To encourage and support these ventures, the Implementation Lab will provide targeted funding, space for research projects and teaching, and a variety of support functions, including connections to on-campus resources that can assist with data visualization, locating interested students, and other tasks.  Those activities will be phased in during the next year based on the advice and feedback of faculty and others who are early participants.

The Implementation Lab is poised to be different from – but complementary to – other Stanford initiatives like the Hasso Plattner Institute of Design.
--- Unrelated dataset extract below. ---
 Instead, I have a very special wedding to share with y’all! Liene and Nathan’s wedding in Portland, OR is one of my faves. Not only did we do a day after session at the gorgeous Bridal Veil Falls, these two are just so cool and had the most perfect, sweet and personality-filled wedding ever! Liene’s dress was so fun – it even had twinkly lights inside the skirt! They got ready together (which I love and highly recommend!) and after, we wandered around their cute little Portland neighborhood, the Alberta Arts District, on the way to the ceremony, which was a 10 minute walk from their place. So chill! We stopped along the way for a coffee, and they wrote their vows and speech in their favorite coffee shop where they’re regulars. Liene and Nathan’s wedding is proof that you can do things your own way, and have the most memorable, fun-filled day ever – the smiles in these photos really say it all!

FSI’s Implementation Lab is specifically focused on supporting long-term relationships and engaging students and faculty in the study of policy implementation in different national, organizational, and cultural settings.

Image
FSI Senior Fellow Grant Miller is working on improving health care in India.

“The Stanford International Policy Lab is creating an exciting new community that will catapult our ability to have meaningful and sustained policy engagement and impact through common learning and sharing of experiences with like-minded scholars from all corners of campus,” said Grant Miller, an associate professor of medicine and FSI senior fellow whose project on improving health care in India is being supported by the Implementation Lab.
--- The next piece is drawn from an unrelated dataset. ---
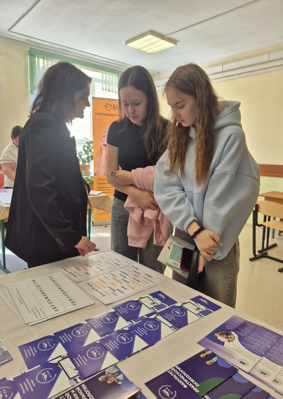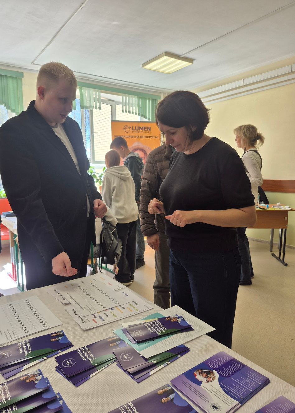 Для учащихся 8-11 классов и их родителей стенд МСПИ и СПК стал настоящим навигатором в мире современных педагогических, социальных и психологических специальностей. Ребята и их родители смогли получить индивидуальные консультации по правилам приёма в институт и колледж у ответственного секретаря приёмной комиссии Е.И. Брагиной, а также принять участие в мастер-классе по нейрогимнастике, которую для всех желающих провели студенты вуза Вайсман Полина и Пименов Михаил.

Ann Arvin, Stanford’s vice provost and dean of research, said the International Policy Implementation Lab will help and encourage faculty to make their scholarship more relevant to pressing problems.

Demands for specialized resources, narrowly focused engagement of students, the ability to consider a long-term horizon, and an understanding of the often opaque processes of policy formulation and implementation pose considerable challenges for researchers seeking to enhance the potential of their policy-oriented research to achieve real impact.
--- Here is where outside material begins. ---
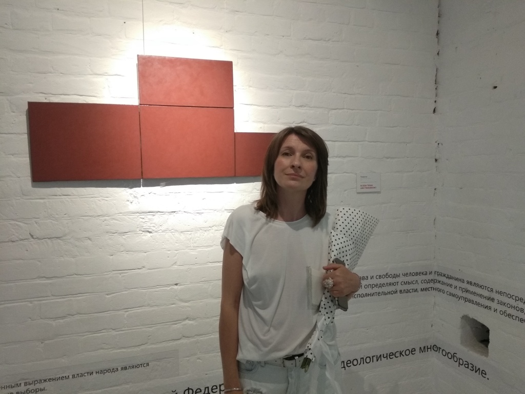 В экспозиции – 13 произведений-фигур. Абстрактные работы Агеносовой очень узнаваемы. В этом единстве гладко выкрашенных холстов в сочетании с четко сформулированными, отдельными текстами статей Конституции сосредоточен свой особый смысл. И, конечно, основной свод законов, по которым мы все живем (как его представляет творчески мыслящий человек). Автор смогла уловить и воплотить настроение окружающей действительности, рассказывая нам о нашем времени. В ее живописных образах – сердце нашей Родины – Красная площадь, духовные и материальные сокровища России, воплощенные в Золотой пирамиде, ступени как движение вверх и др.

“The International Policy Implementation Lab will help our faculty and students address these obstacles,” Arvin said. “We anticipate that this novel program will bring together Stanford scholars who seek solutions to different policy-related problems at various places around the world, but whose work is linked by the underlying similarities of these challenges. The Implementation Lab will give them the opportunity to learn from each other and share ideas and experiences about what succeeds and what is likely to fail when it comes to putting policy into practice.”

That’s what attracts Stephen Luby to the lab.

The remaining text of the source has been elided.